En ese contexto, en el que conocimiento y vida, palabra y testimonio,
interpelación e impulso se entrecruzan y complementan, se forma y desarrolla la
conciencia cristiana.
b) Formación de la conciencia y responsabilidad eclesial
Hablar de la Iglesia como ámbito de formación de la conciencia cristiana
implica, sin duda, hablar de la necesidad de unión con la Iglesia, de sintonía
con la vida que en ella se recibe y con la tradición espiritual que en ella se
respira. Pero también, desde otra perspectiva, de responsabilidad: toda
tradición implica, en efecto, un proceso de trasmisión y recepción que dice
referencia, y por cierto en ambos sentidos, a la totalidad de la comunidad,
puesto que los receptores del don están llamados a, asimilándolo y haciéndolo
propio, comunicarlo a las generaciones sucesivas.
La Veritatis
splendor es consciente de esta realidad; más aún, aspira a proclamarla con
particular fuerza, hasta el punto de que puede decirse que uno de sus objetivos
básicos es, precisamente, subrayar la responsabilidad que la Iglesia tiene de
trasmitir fielmente la memoria de Cristo. De hecho a lo largo de todas sus
páginas aflora, de modo expreso unas veces, implícito otras, una preocupación
fundamental: subrayar de forma neta y sin ambages que la Iglesia tiene por
misión anunciar a Cristo, y anunciarlo de modo que ese anuncio implique una
interpelación concreta, vital, pastoralmente incisiva, y, por tanto, dé lugar a
un verdadero encuentro, a una relación interpersonal, a un compromiso de vida.

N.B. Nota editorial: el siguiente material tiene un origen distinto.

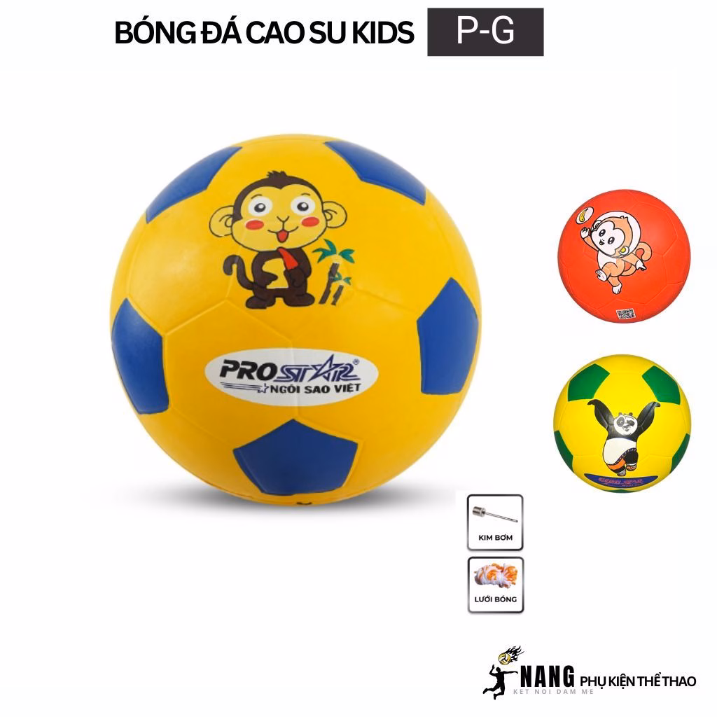 Bóng đá trẻ em Prostart cao su mềm là một lựa chọn tốt, với chất liệu cao su mềm và thiết kế an toàn. Quả bóng này cũng đi kèm với kim bơm và lưới bóng, giúp phụ huynh dễ dàng bảo quản và vệ sinh.
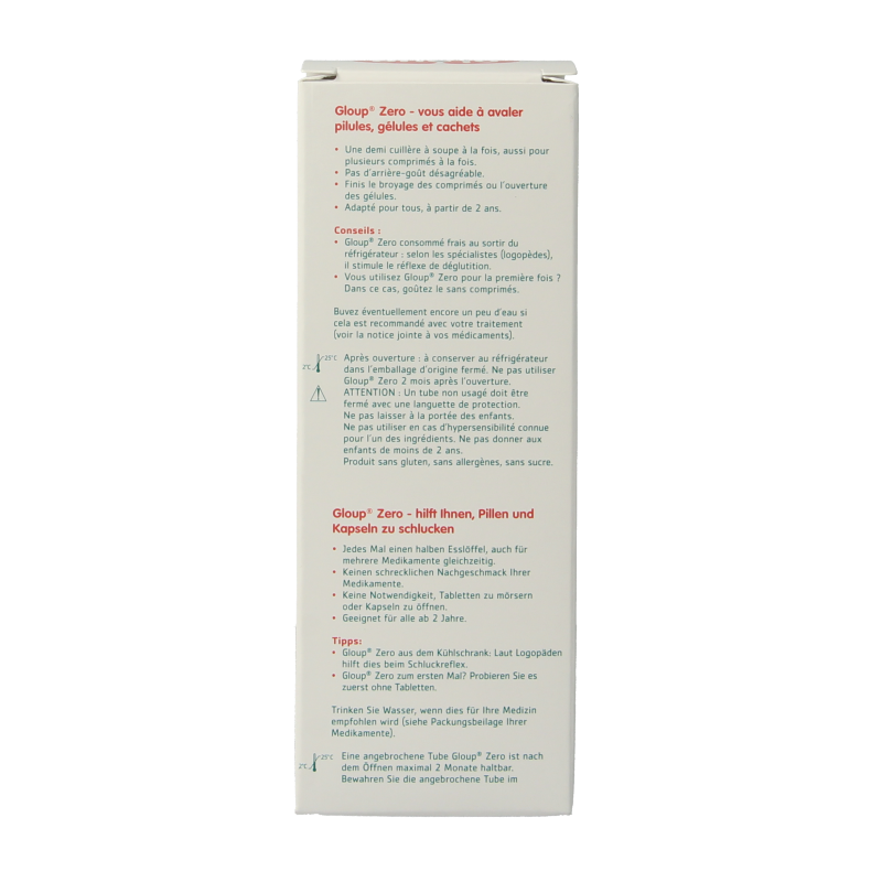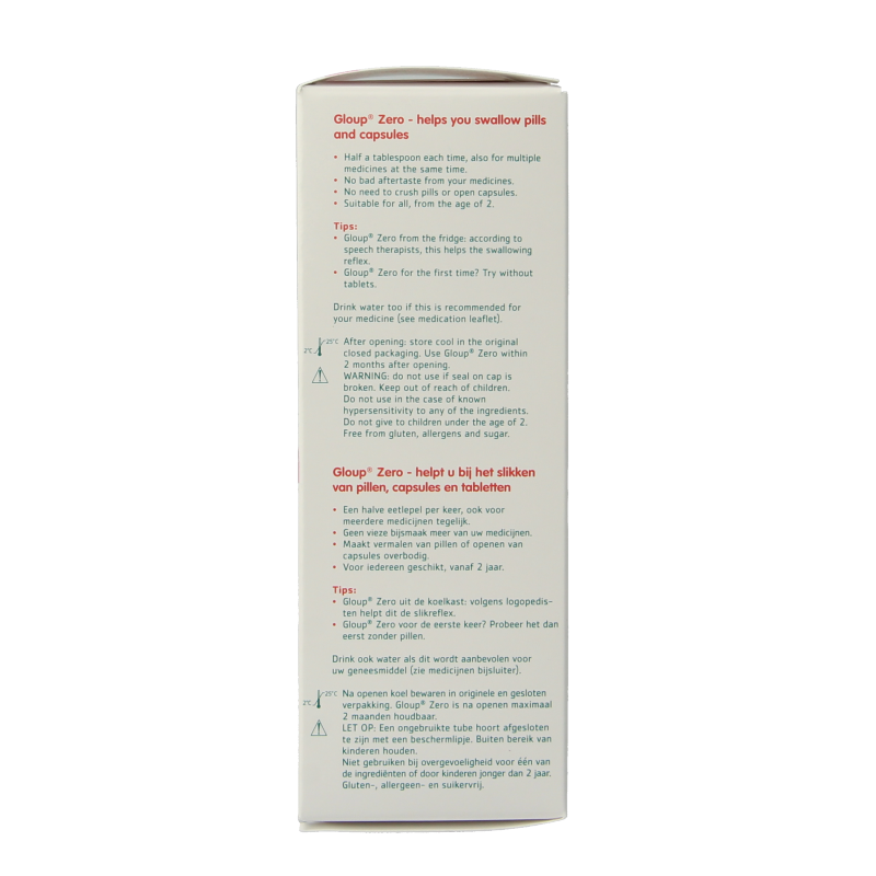 Gloup Zero is niet speciaal ontwikkeld of bestemd voor patiënten met afwijkingen aan de slikorganen. Ook vormt Gloup Zero geen oplossing voor patiënten die zich verslikken bij het innemen van vaste substanties. Gloup Zero is niet bestemd voor het slikken van geneesmiddelen in vloeibare of dispergeerbare vorm. Wanneer u overgevoelig bent voor een of meerdere bestanddelen van Gloup, wordt u geadviseerd voor gebruik uw arts of apotheker te raadplegen. Neem in zo”n geval altijd uw tube Gloup Zero mee.

Fidelidad implica, en efecto, no mera repetición, sino actualización: trasmisión
del mensaje de forma que despliegue toda su fuerza y vitalidad existenciales
[33].
En algunos
pasajes la encíclica señala que la responsabilidad de esa trasmisión y
aplicación fiel incumbe a toda la Iglesia, ya que toda ella participa del munus
propheticum de Cristo, y recuerda, a ese respecto, que el conjunto del
cuerpo eclesial, que cuenta con la asistencia del Espíritu Santo, no puede
equivocarse en la fe [34]. No obstante, como resulta lógico en un documento
destinado a pronunciarse sobre cuestiones que afectan al estructurarse de la
teología moral y al influjo que la difusión de las investigaciones y
reflexiones teológicas tienen en la comunidad cristiana, su atención se dirige
preferentemente a la teología, a la que atribuye una particular importancia en
orden a la "búsqueda creyente de la comprensión de la fe" [35], y,
sobre todo, al magisterio y, en consecuencia, a la actuación de los Pastores, a
los que, en ejecución de un de Cristo y contando "con la asistencia
especial del Espíritu de verdad", les corresponde una especial
responsabilidad en la custodia e interpretación del patrimonio moral cristiano
[36].
Esta
problemática es, por lo demás, abordada por la encíclica en dos lugares
distintos: a) al final del capítulo primero, donde sigue un esquema histórico,
describiendo el tránsito de Cristo a los Apóstoles y de éstos a sus sucesores
[37]; y b) en el capítulo tercero, en el que adopta un enfoque parenético,
glosando la responsabilidad que, en el horizonte de la nueva evangelización,
recaen sobre Pastores y fieles en el momento presente [38]. De forma sintética
la doctrina que expone en uno y otro lugar puede resumirse en las siguientes
proposiciones:
1ª) La función
de trasmitir el mensaje de Cristo no se realiza de forma material y mecánica
sino viva, en coherencia con ese carácter vital que tiene la tradición; en ella
se hermanan, por tanto, continuidad y crecimiento; lo que, respecto a la
doctrina moral, implica interpretación, aplicación a las sucesivas y diversas
situaciones históricas, en suma, actualización [39];
2ª) Esa tarea
de trasmisión y actualización, a la que contribuye la totalidad del pueblo de
Dios y en la que a la teología le corresponde un papel importante, se realiza
en comunión con los Pastores y bajo su vigilancia, ya que a ellos les
corresponde el oficio de "vigilar sobre la recta conducta de los
cristianos", de "promover y custodiar, en la unidad de la Iglesia, la
fe y la doctrina moral", de "interpretar auténticamente la palabra de
Dios" y de discernir los comportamientos que son conformes a las
exigencias de la fe o se oponen a ella [40].
3ª) La Iglesia
y, dentro de ella, los Pastores cuenta con la asistencia del Espíritu Santo,
que la conserva en la fidelidad a Cristo: "el mismo Espíritu, que es la
fuente de la revelación de los mandamientos y de las enseñanzas de Jesús,
garantiza que sean custodiados religiosamente, expuestos fielmente y aplicados
correctamente en el correr de los tiempos" [41].
4ª) En la
enseñanza de la Iglesia resuena en consecuencia "la voz de Jesucristo, la
voz de la verdad sobre el bien y el mal" [42]. Asistida por el Espíritu
Santo, la Iglesia, en efecto, "ha custodiado fielmente lo que la Palabra
de Dios enseña no sólo sobre la fe, sino también sobre el comportamiento moral,
es decir, el comportamiento que agrada a Dios (cfr.. 1 Tes 4, 1)" [43].
5ª) Los fieles
cristianos encuentran por tanto en la comunión eclesial y en las orientaciones
de los Pastores, "una gran ayuda para la formación de la conciencia"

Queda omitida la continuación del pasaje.